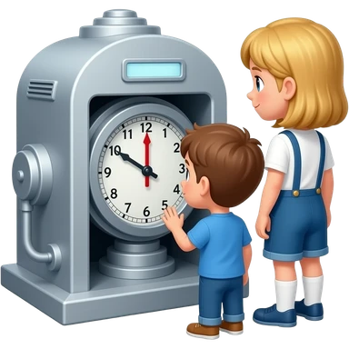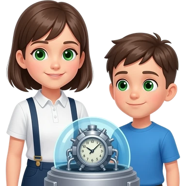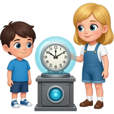 una maquina del tiempo rodeada por dos hermanos un chico i una chica los dos castanyo i la chica un poco rubia (la chica mas grande que el i con ropa blanca con tirantes) i el chico con ropa azul) los dos estan mirando la maquina realista emoji
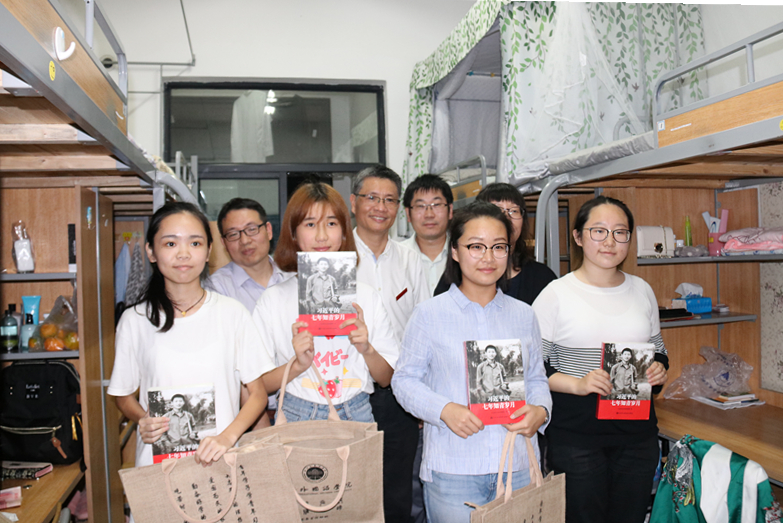 自今年3月份开始开展的“青年学子学青年习近平”主题教育活动,并向走访寝室的每一位新生发放了他们大学生涯的第一本教材《习近平的七年知青岁月》。宣书记用平实感人的语言跟同学们分享了这本书的主要内容和教育价值,要求新生们要通过本书的阅读认真学习青年总书记身上的优秀品质,汲取人生成长的精神力量,度过有意义的大学生涯。
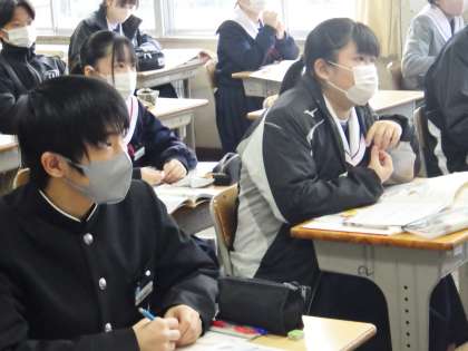 1/24(火) 授業の様子です(3年生) 3 公開日 2023/01/24 更新日 2023/01/24 お知らせ 33学級は、社会の「財政の役割と課題」の授業の様子です。社会資本や公共サービスについて、教師の話を集中して聞き、大切なポイントをノートにまとめながら理解を深めていました。
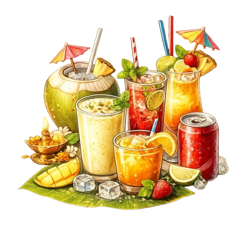 Refreshing lassi, juices, mocktails, and soft drinks.
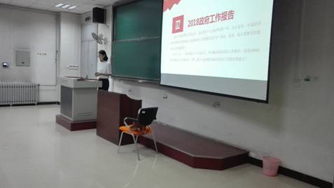 会上付媛媛同学言简意赅地介绍了习近平总书记在北大的讲话和政府工作报告的主要内容,同学们都认真听讲学习,深入了解了党的政治工作走向和习近平总书记对师生学习工作的期望和要求。
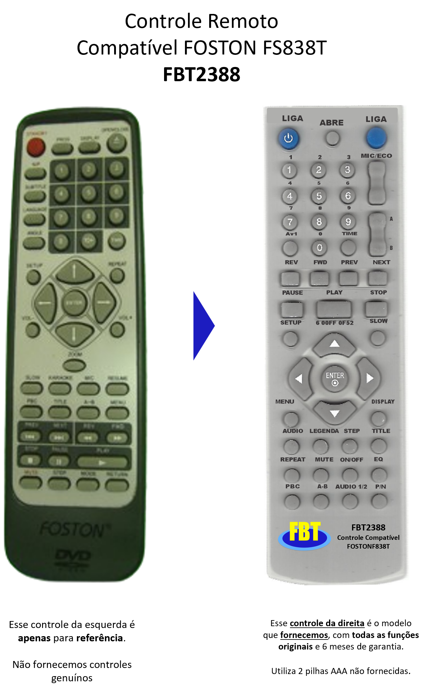 Controle Remoto Compatível FOSTON FS838T FBT2388

- The task: What is needed is every line from the one with "1/24(火) 授業の様子です(3年生) 3" to the final line of the listing above, set down exactly and with the pictures left out.

- Task solution:
 1/24(火) 授業の様子です(3年生) 3 公開日 2023/01/24 更新日 2023/01/24 お知らせ 33学級は、社会の「財政の役割と課題」の授業の様子です。社会資本や公共サービスについて、教師の話を集中して聞き、大切なポイントをノートにまとめながら理解を深めていました。
 Refreshing lassi, juices, mocktails, and soft drinks.
 会上付媛媛同学言简意赅地介绍了习近平总书记在北大的讲话和政府工作报告的主要内容,同学们都认真听讲学习,深入了解了党的政治工作走向和习近平总书记对师生学习工作的期望和要求。
 Controle Remoto Compatível FOSTON FS838T FBT2388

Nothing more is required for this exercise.